* **TRY IT**
Up to and including the line with "In P(z) plots: Yellow", write out the listing from its first line, minus the pictures.

* **DATA PROVIDED**
────────────────
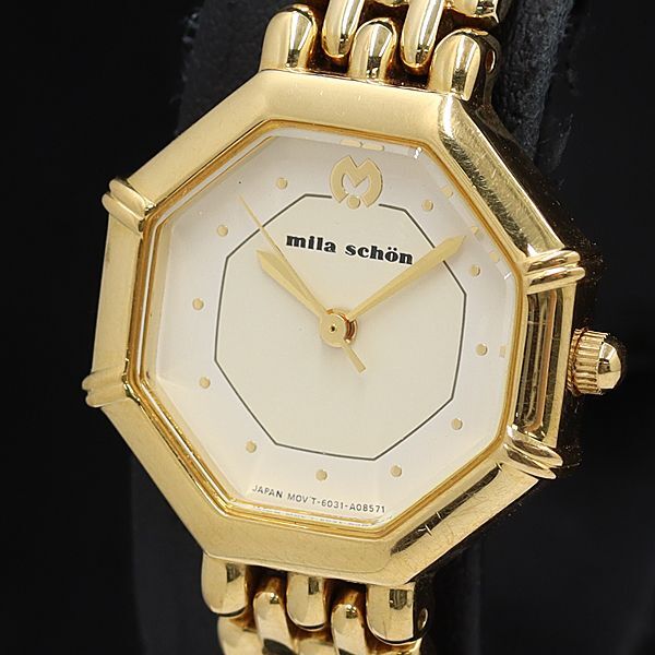 - 良品 ミラショーン QZ 6031-A03335 オクタゴン 6031-A03335 アイボリー文字盤 ゴールド GP SS レディース腕時計 KMR
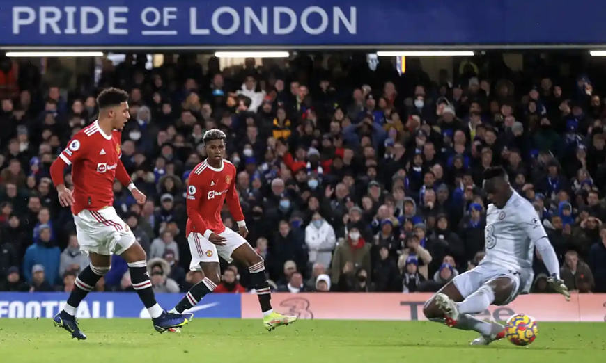 Thế trận bất ngờ đảo chiều ở đầu hiệp 2 khi MU có bàn thắng mở tỷ số nhờ pha dứt điểm của Jadon Sancho. Trước đó, hậu vệ Jorginho của Chelsea đã mắc sai lầm tai hại với pha đỡ hỏng tạo điều kiện cho Sancho đoạt được bóng.
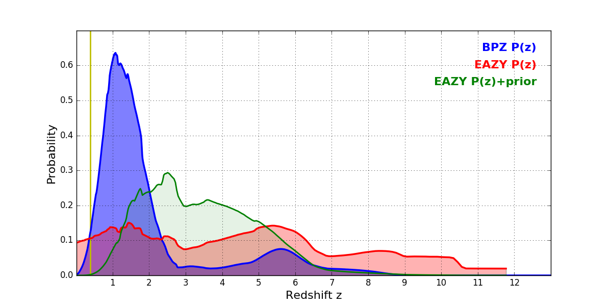 In P(z) plots: Yellow lines mark the cluster redshift z = 0.390,
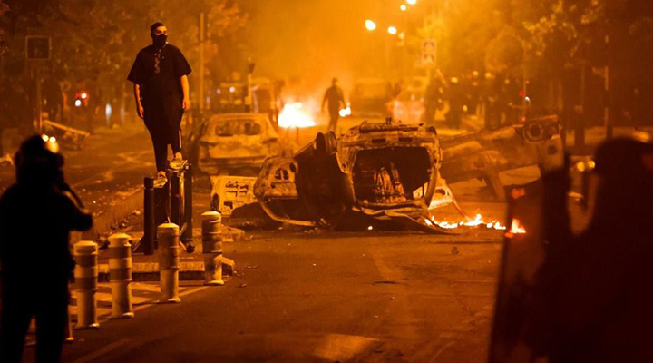 Fransa’nın başkenti Paris’te Cezayir asıllı 17 yaşındaki Nael M.’in polis tarafından katledilmesi sonrası başlayan eylemler 4’üncü gününde devam ediyor. Paris, Marseille, Lyon, Toulouse, Strasbourg ve Lille gibi onlarca kentte binlerce kişi sokaklara çıkarak araçları ve binaları ateşe verdi. Konteynerlerle barikatlar oluşturan halk, kendilerine biber gazıyla saldıran polislere havai fişeklerle yanıt verdi.
────────────────
* **SOLUTION FOR THIS PROBLEM**
 - 良品 ミラショーン QZ 6031-A03335 オクタゴン 6031-A03335 アイボリー文字盤 ゴールド GP SS レディース腕時計 KMR
 Thế trận bất ngờ đảo chiều ở đầu hiệp 2 khi MU có bàn thắng mở tỷ số nhờ pha dứt điểm của Jadon Sancho. Trước đó, hậu vệ Jorginho của Chelsea đã mắc sai lầm tai hại với pha đỡ hỏng tạo điều kiện cho Sancho đoạt được bóng.
 In P(z) plots: Yellow lines mark the cluster redshift z = 0.390,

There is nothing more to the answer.